Keep in mind: if you are focused on CPU forwarding, CCR2116 has the same CPU at a fraction of the price

I don’t understand this sentence, we use a good number of CCR1072 and similar, we know what they can do, we know the CPU load they can reach.

The point here is that FOR I/O OPERATIONS the CCR2216 use a HUGE amount of CPU in IRQ. The CCR10xx don’t, so they can give you much much higher I/O throughput.

It’s a real shame that CCR2216 WASTE almost all of the CPU power in IRQ for packets reading/writing from/to the switch.


First of all, at least until a couple of months ago (when we tried), HW L3 had a lot of bugs and was unusable in production. Moreover, there are situations where it’s not usable: full internet BGP, MPLS, queues, etc…

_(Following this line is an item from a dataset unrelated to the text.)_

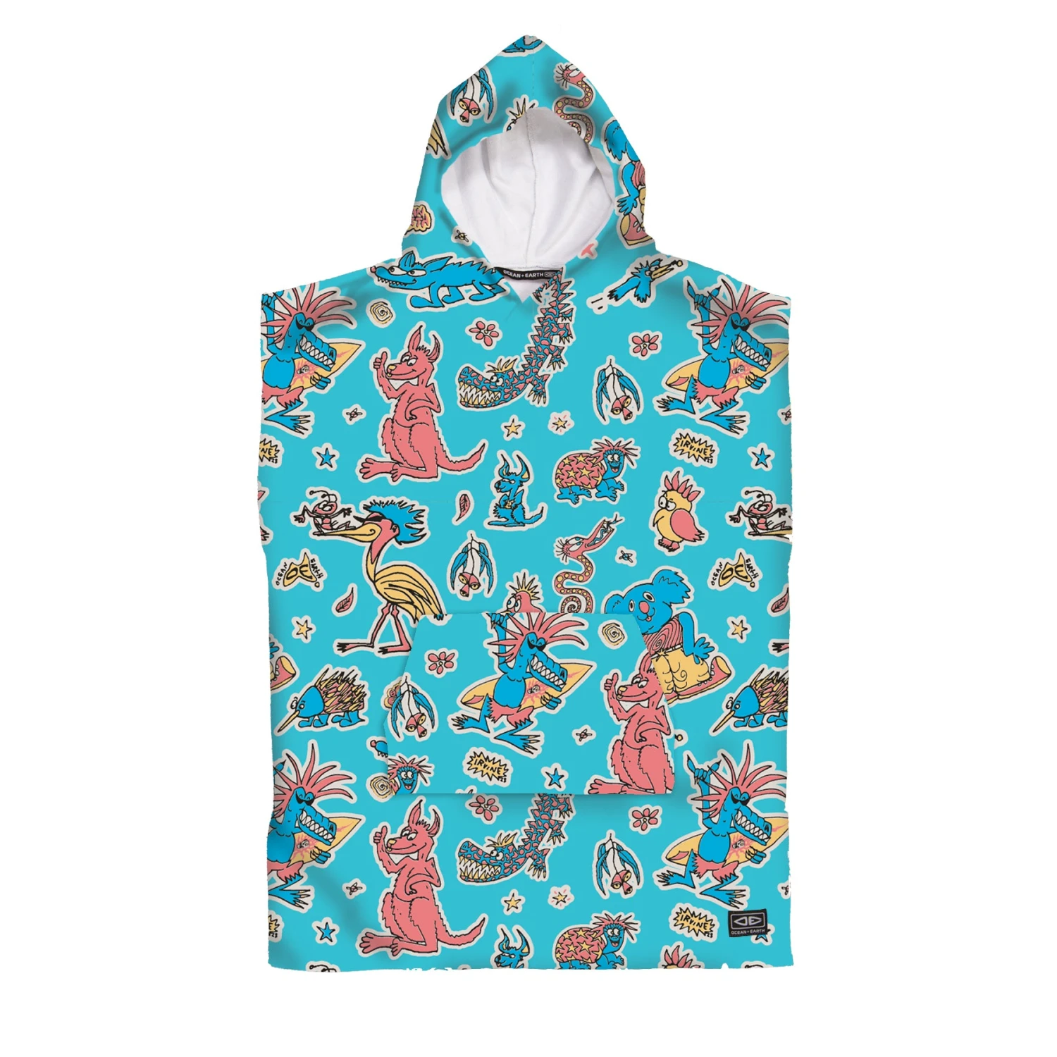 Keep your toddler warm and dry with the Toddlers Irvine Hooded Poncho Towel. A limited edition Jack Irvine print. With oversize sleeve openings, kanga pocket and in Lightweight 250GSM comfy microfibre this is an easy poncho to slip in and out of after a day at the beach.

If CPU was not important, instead of CCR2216 we had used a CRS518 (we need the 25G and 100G (40G actually) ports).

Finally, I would like to point out that Mikrotik REMOVED the CCR10072-CCR1036 from production, they REPLACED them with the CCR2216-CRR2116, but there are situations where the the CCR1072 is still MUCH MUCH more powerful, so we remained without a REAL replacement.

Anyway, we are asking Mikrotik, not what the current situation is, but if something will change in the future.

Can we hope that in CCR2216 there will be significant improvements in the usage of the CPU for the I/O?

Thanks.

Do you also have actual impact / problem in this case, or you are just seeing 25% CPU usage and that’s all? Because from what I can tell, you are not using 75% of your CPU

Not in that case, where there is a BGP with only two 10Gbps upstreams, but could became a problem when we’ll use bigger lines.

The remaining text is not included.